"onun bir parçası" - Translation from Turkish to Arabic

    • جزءاً منه
        
    • جزءاً منها
        
    • جزءا منه
        
    • جزء منها
        
    • جزءاً من ذلك
        
    • جُزء منه
        
    • جزء منه
        
    • جزء منهم
        
    • جزءا منها
        
    Dünyanın üzerinde uçmakla onun bir parçası olmak aynı şey değil. Open Subtitles أن تطير فوق العالَم و أن تكون جزءاً منه ليسا سيّان.
    Bu, birinin ruhunu kurtarmakla ilgiliydi. Yaptığım şey buydu ve sen onun bir parçası değildin. Open Subtitles كان هذا عن إنقاذ روح هذا ما أفعله و أنت لست جزءاً منه
    - Göz nerede? - Bir şekilde onun bir parçası oldu. Open Subtitles و لكن العين قد أصبحت بطريقة ما جزءاً منها
    onun bir parçası haline geliyorsun ve asla geri dönemeyeceksin. Open Subtitles إنها تجعلك جزءاً منها و لا يمكنك العودة أبداً
    Evrensel bir dinamiğin varlığına inanıyorum ve şayet onun bir parçası olamazsam, Open Subtitles يأتيني ذلك الانطباع ان هناك نظام كوني .. وانا لست جزءا منه
    Melodi yi denizden uzak tutamayacağımı bilmeliydim. deniz onun bir parçası. Open Subtitles أبي كان يجب ان اعرف بأني لا أستطيع أن أبقي ميلودي بعيدا عن البحر.. انه جزء منها
    onun bir parçası olmak istemiyorum. Open Subtitles لا أريد جزءاً من ذلك
    onun bir parçası içimde yaşıyor, değil mi? Open Subtitles جُزء منه يعيش بداخل، أليس كذلك؟
    Elimde Ray'in bir eşyası olsaydı, bir parça saç veya giysi gibi onun bir parçası olan bir şey, bebek yapabilirdim. Open Subtitles لو كان عندى شئ يخص راى نفسه مثل خصلة من شعره أو قميصه أو أى جزء منه أنا أستطيع تحويله لدمية
    Bohem devrimi dünyayı kasıp kavuruyordu ve onun bir parçası olmaya gelmiştim. Open Subtitles كان العالم كان قد تم غزوه في الثورة البوهيمية وأنا قد سافرت من لندن لأكون جزءاً منه
    Henüz bilmese de, bu inek ve bu tavuk da onun bir parçası olacak. Open Subtitles هذه البقرة والدجاجة لا يعرفوا ذلك حتي ولكن مقدر لهم أن يكونا جزءاً منه أيضاً
    Duvardan geçerken, onun bir parçası bizim frekansımıza geri dönüp saplanmış olmalı. Open Subtitles حسناً، لابدّ أنّ جزءاً منه قد تحوّل مرة أخرى إلى تردّدنا عندما كان يمرّ الجدار، وإلتصق به
    Sadece hatırlamak yetmez, onun bir parçası olmalısın. Open Subtitles لا يكفي أن تتذكريه فحسب، عليكي أن تصيري جزءاً منه.

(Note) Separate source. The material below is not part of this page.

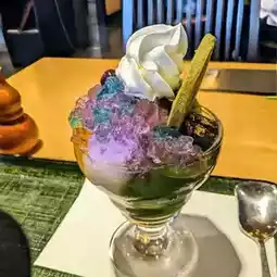 我点了季节限定的绣球花套餐,其实就是抹茶水晶冻冰淇淋。原本的绿色抹茶口味换成了色彩鲜艳的绣球花口味,颜色非常亮丽。

    Ama bu defa Willow onun bir parçası. Hatta kötü gücün ta kendisi. Open Subtitles ولكن ويلو جزءاً منه الآن إنها عضو
    Öyleyse, bu sohbet de onun bir parçası olmalı. Open Subtitles إذن لابد من أن هذه المحادثة جزءاً منها
    Belki onun bir parçası olabilirim ben de. Open Subtitles وربما يمكنني أن أكون جزءاً منها
    Şey onun bir parçası olmalıydı. Open Subtitles أظن أنه من المفترض أن تكون جزءاً منها.

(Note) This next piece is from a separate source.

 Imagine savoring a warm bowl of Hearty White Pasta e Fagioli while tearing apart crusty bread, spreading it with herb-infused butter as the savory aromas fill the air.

    onun bir parçası olmasaydı, bir şekilde hayatta olurdu. Open Subtitles أنه لو لم يكن جزءا منه حينها، بطريقة أو بأخرى، لكان حياً
    Ama doğruysa, onun bir parçası olmak ve buradaki sefalet ve yozlaşmadan uzaklaşmak istemez misin? Open Subtitles ولكن ان كان هذا حقيقا الا تريد ان تكون جزءا منه و بعيدا عن كل هذا الفساد و البؤس هناك؟
    Bizi hayata bağlayan şey, onun bir parçası olduğumuzun basit bir göstergesidir. Open Subtitles ما يربطنا بالحياة هى الحقيقة البسيطة التى نحن جزء منها
    onun bir parçası değil. Open Subtitles إنها ليست جزءاً من ذلك.
    onun bir parçası benim içimde yaşıyor. Open Subtitles جُزء منه يعيش بداخل، أليس كذلك؟
    Ve ışığa doğru yürüdüğünde ebediyen onun bir parçası olursun. Open Subtitles و عندما تذهب إليه، تصبح جزء منه إلى الأبد
    Derneğe su taşımak için girmedim onun bir parçası olmak için giridm. Open Subtitles أنا لم أنضمّ إلى الأخوية لكي أكون ولد الـماء. - إنضممت إليـهم لكي أكون جزء منهم.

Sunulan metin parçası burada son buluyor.